Semantics: A mapping from formal language expressions to real world
facts.
Proposition: An abstract representation of a fact.
Propositional logic: A special formal language which can work on
propositions.
Propositional logic formula:
* An uppercase letter (standing for a proposition) OR
* A string of the form ~X where X is a formula OR
* A string of the form A /\ B where A and B are formulas OR
* A string of the form A \/ B where A and B are formulas
First order logic, FOL, predicate logic, PL: A special formal
language which extends propositional logic.
FOL variable: An undetermined component in FOL, written as a
lowercase letter (usually x,y,z).
FOL function: A function from terms to terms, written as a
lowercase letter (usually f,g,h) or with a name.
Examples: sin, f, sqrt, max, ...
FOL constant: A 0-place FOL function, usually given a proper
name.
Examples: wumpus, rollinger, 3, 5.0, ...
FOL term:
* a FOL variable OR
* a FOL function call
Example: sin(sqrt(max(x,y)))
FOL predicate: A relation on FOL terms, written
as an uppercase letter (usually P,Q,R).
Examples: P(x), Greater(7,sqrt(3))
FOL formula:
* A string of the form P(t1,t2,...tN) where P is a predicate and ti
are terms OR
* A string of the form ~X where X is a formula OR
* A string of the form A /\ B where A and B are formulas OR
* A string of the form A \/ B where A and B are formulas OR
* A string of the form "All x: v" where x is a variable and v is a
formula OR
* A string of the form "Ex x: v" where x is a variable and v is a
formula
Bound FOL variable: A variable is bound in a formula Ex x: V if it
occurs in V. (Same with All x: V)
Free FOL variable: A variable is free if it is not bound.

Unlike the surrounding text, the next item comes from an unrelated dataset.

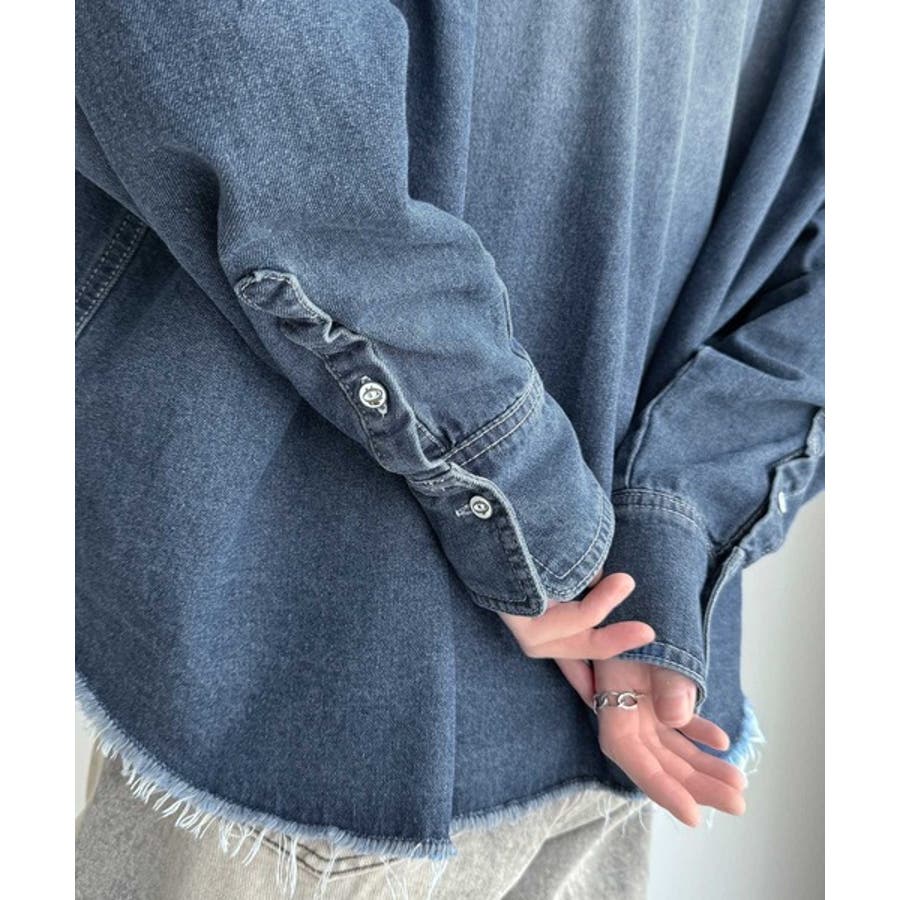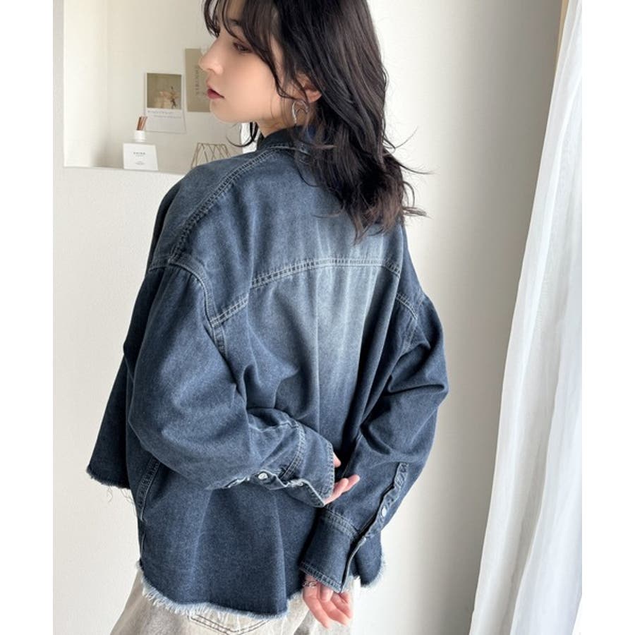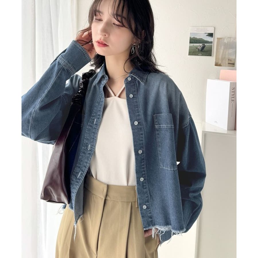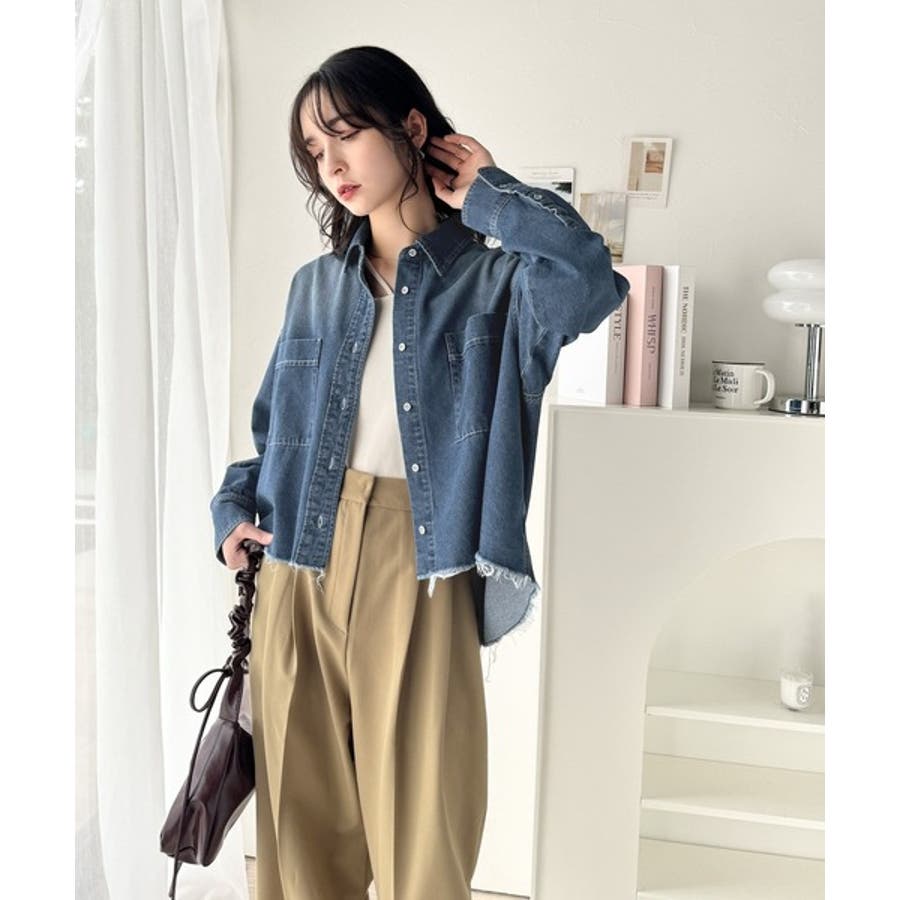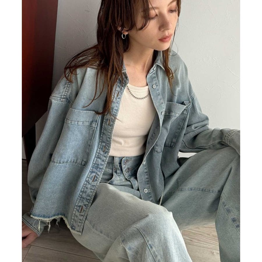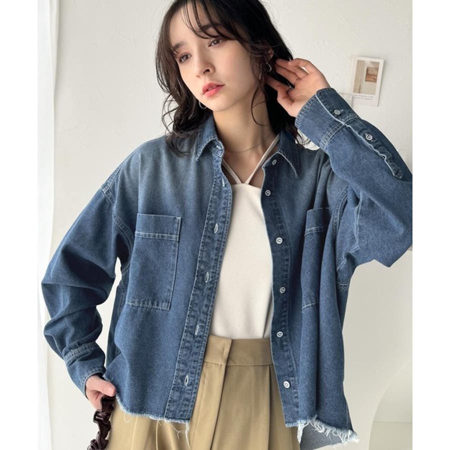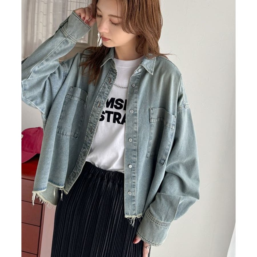 ヴィンテージライクな加工と裾のフリンジが魅力のクロップドデニムシャツ。

FOL sentence: A formula without free variables.
Prenex form: A FOL formula with all its occurring quantifiers at the
beginning. For any FOL formula, there exists an equivalent formula
in prenex form. A FOL formula can be transformed to prenex form as
follows:
1. Rename all bound variables such that they are unique in the
formula
2. Move all quantifiers to the beginning. With outer-level AND- and
OR-expressions, this can be done by just wiping out the quantifier
and adding it at the beginning. All complex formulas have to be
transformed to simple AND- and OR- formulas.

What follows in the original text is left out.